Sulur tanaman menusuk mata dan suara khas hutan yang begitu rusuh membangunkanku dari gelap yang suram. Terjebak dalam cengkraman sulur tanaman membuat energiku terkuras habis.
Sejenak pandanganku mulai kabur. Mengapa ini semua tak berakhir saja saat aku berada dalam genggaman ketua Pembuat Onar? Mengapa aku harus mengalami penderitaan lagi?
Percaya adalah kunci keluar dari keterpurukan. Keberanian harus kudapatkan agar bisa bangkit dari keterpurukan ini.
Kepalaku sakit karena pikiran yang berkecamuk. Berjalan mengikuti hembusan angin dan tertinggal bersama bintang yang bertaburan di langit hitam. Berteriak dan menyuruh kebisingan di dalam kepalaku untuk berhenti dan menepi. Aku takut, aku takut apabila aku kembali jatuh dalam belenggu Sang Ketua.
Lapar menerjang, haus menggerogoti kerongkongan, kantuk hinggap dengan erat di mataku. Tak bisa seperti ini, aku harus bangkit dan memiliki keberanian.
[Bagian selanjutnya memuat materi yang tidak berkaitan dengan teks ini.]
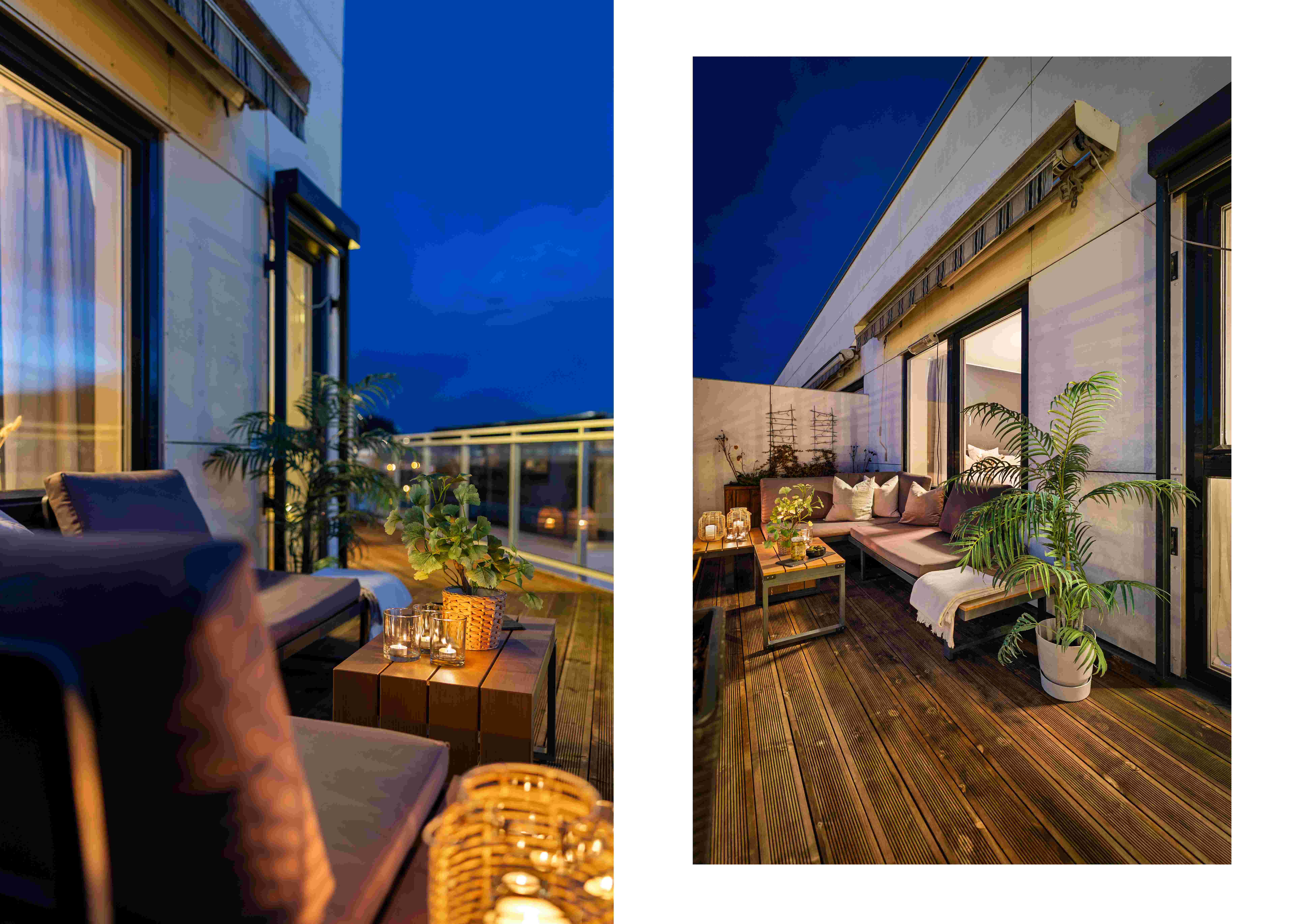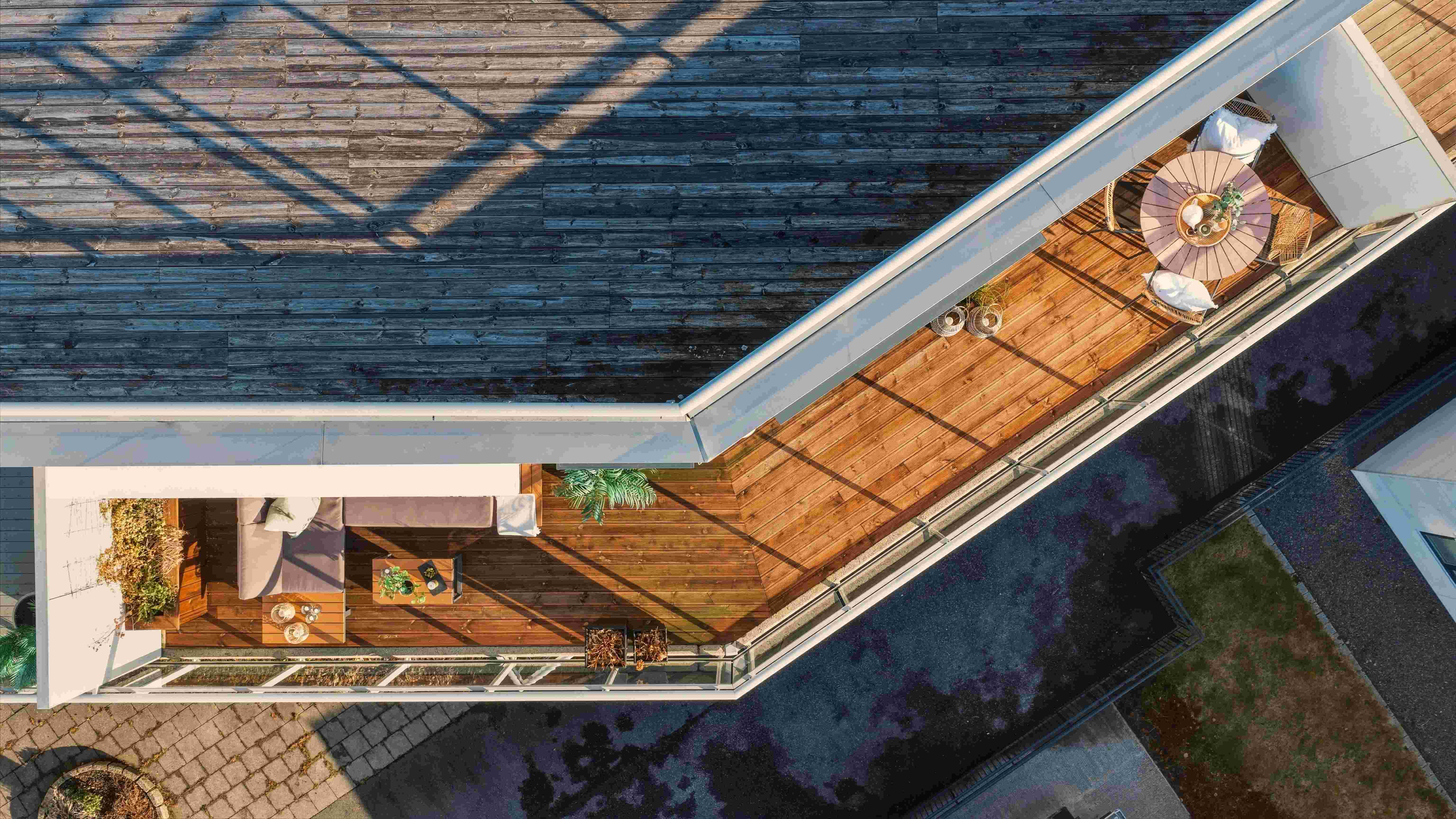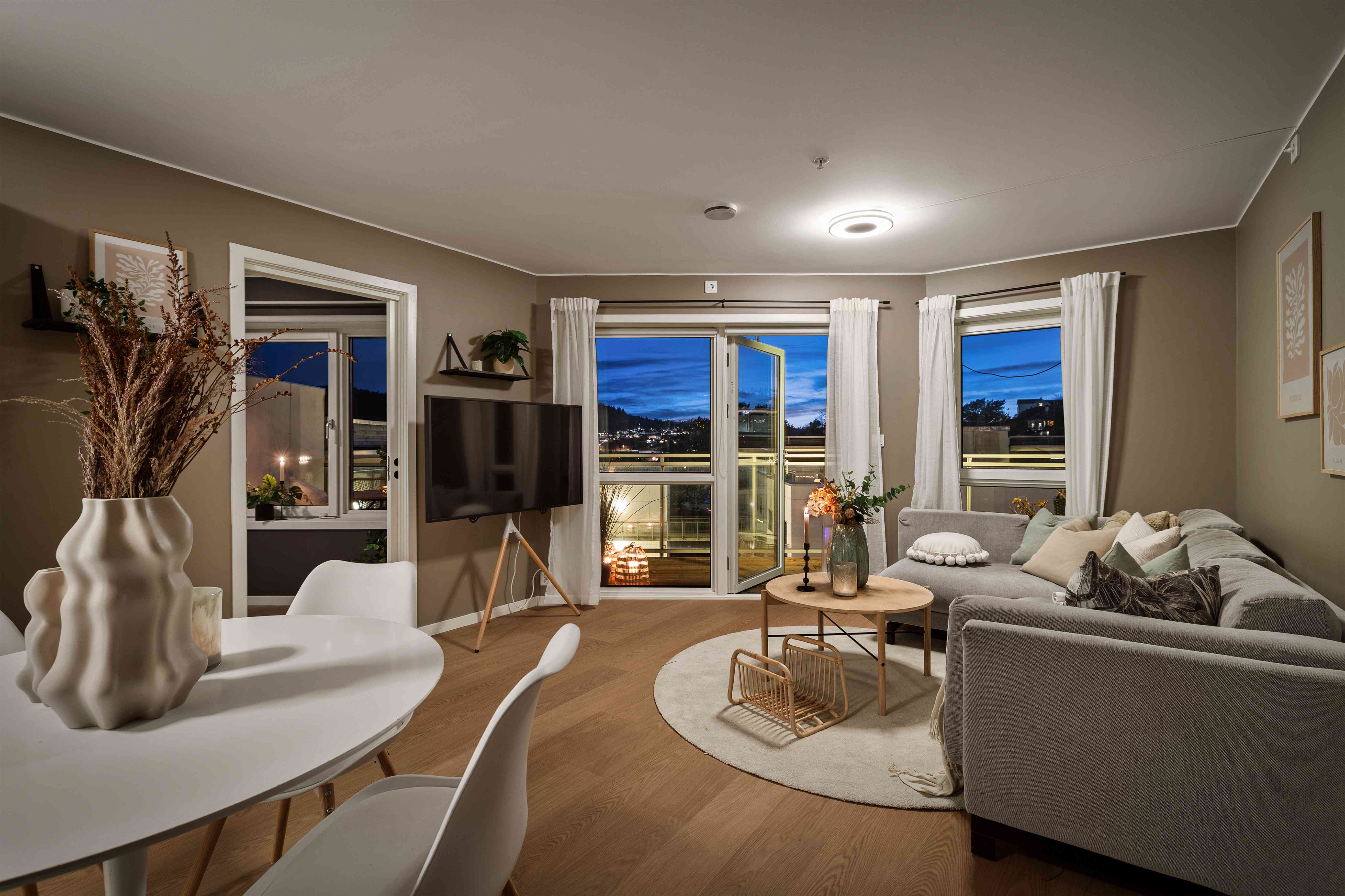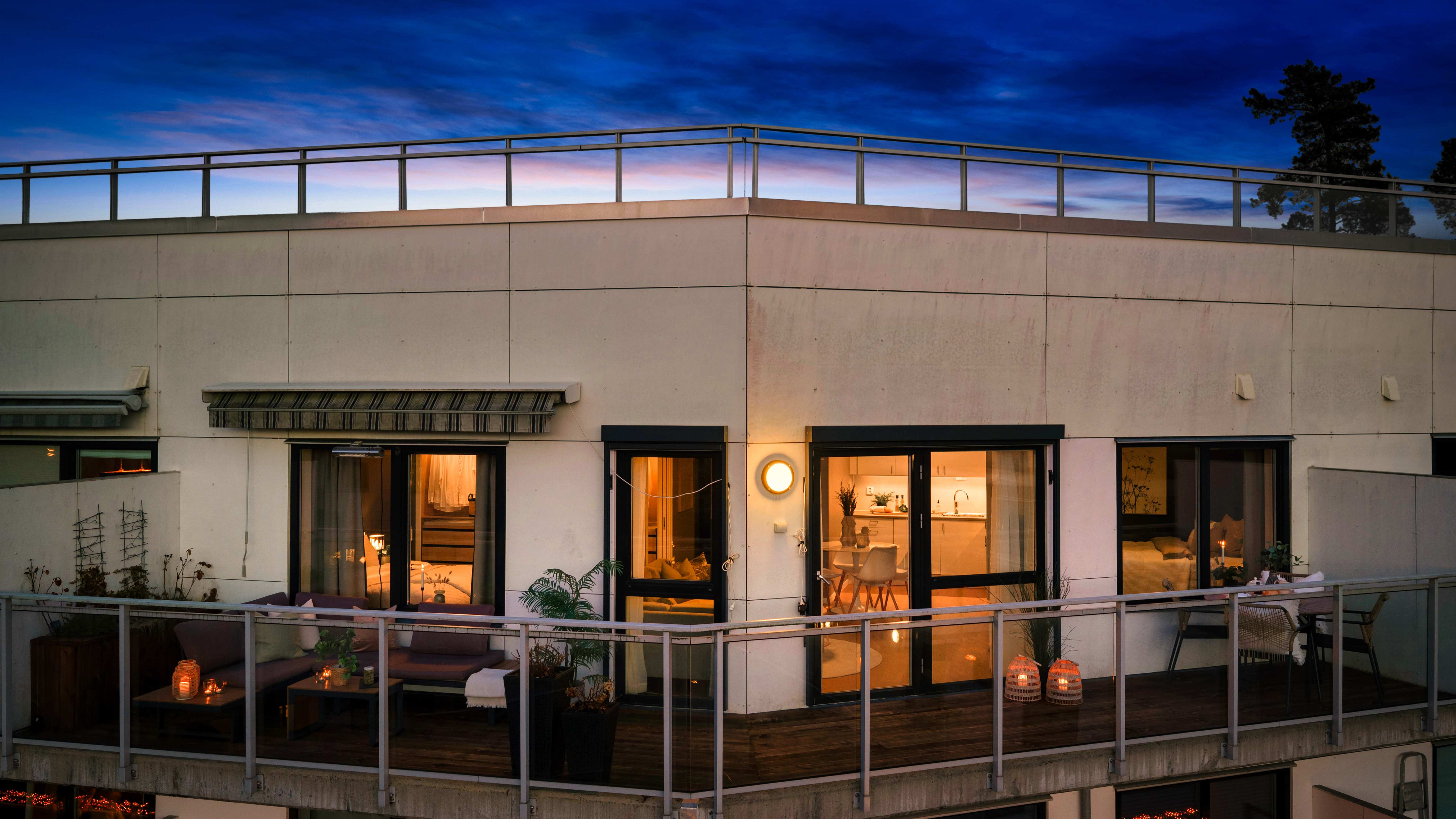 Den romslige balkongen fungerer som en naturlig forlengelse av stuen i sommerhalvåret, med god plass til både spisegruppe og lounge.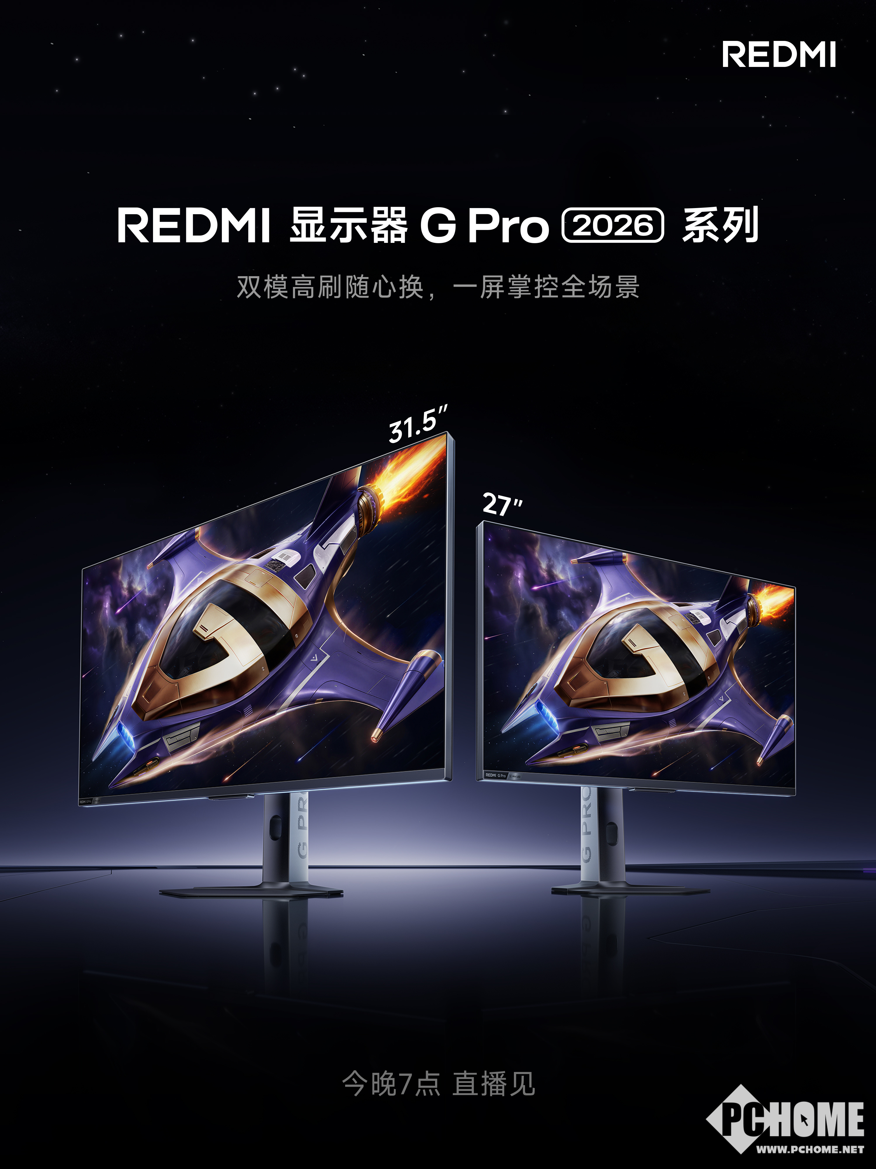 PChome 4月21日消息,小米正式发布REDMI显示器G Pro 2026系列,该系列包含27英寸与31.5英寸两款机型,预售价分别为2699元和3199元,并于晚上8:00正式开售。作为全新的电竞旗舰,该系列打破了显示器与电视的边界,内置澎湃OS 3系统,支持小爱同学语音交互,实现了“显示器+电视”的双形态切换。

Dengan sembarang kuambil buah kecil di sekelilingku. Seketika hutan tempatku berada menjadi terang benderang. Suara dengung di telingaku semakin nyaring. Kepalaku semakin pusing setelah memakan buah itu. Efek samping mulai dari yang ringan hingga berujung kematian tak pernah kupikirkan sebelum memakan buah, karena aku hanya ingin makan.
Penglihatanku mulai mengabur. Langkahku yang berat menginjak jalan baru. Aku akan terus melangkah, tak peduli apa yang akan terjadi kedepannya.
Bintang-bintang di langit berarak mengikuti arahku berjalan, seakan menunjukkan bahwa aku adalah ketua dalam perjalanan asing ini. Sembari berjalan, sesekali aku menoleh ke belakang, berharap ada pahlawan yang mampu membawaku keluar dari belenggu sakit ini.
"Apa yang telah kamu lakukan? Kamu membuat hutan bangun dan mengeluarkan cahaya, itu sangat berbahaya," ucap suara asing yang entah darimana.
"Aku hanya-"
Tak kuasa melanjutkan kalimatku, aku sudah jatuh tergeletak dalam dinginnya hutan cahaya misterius ini.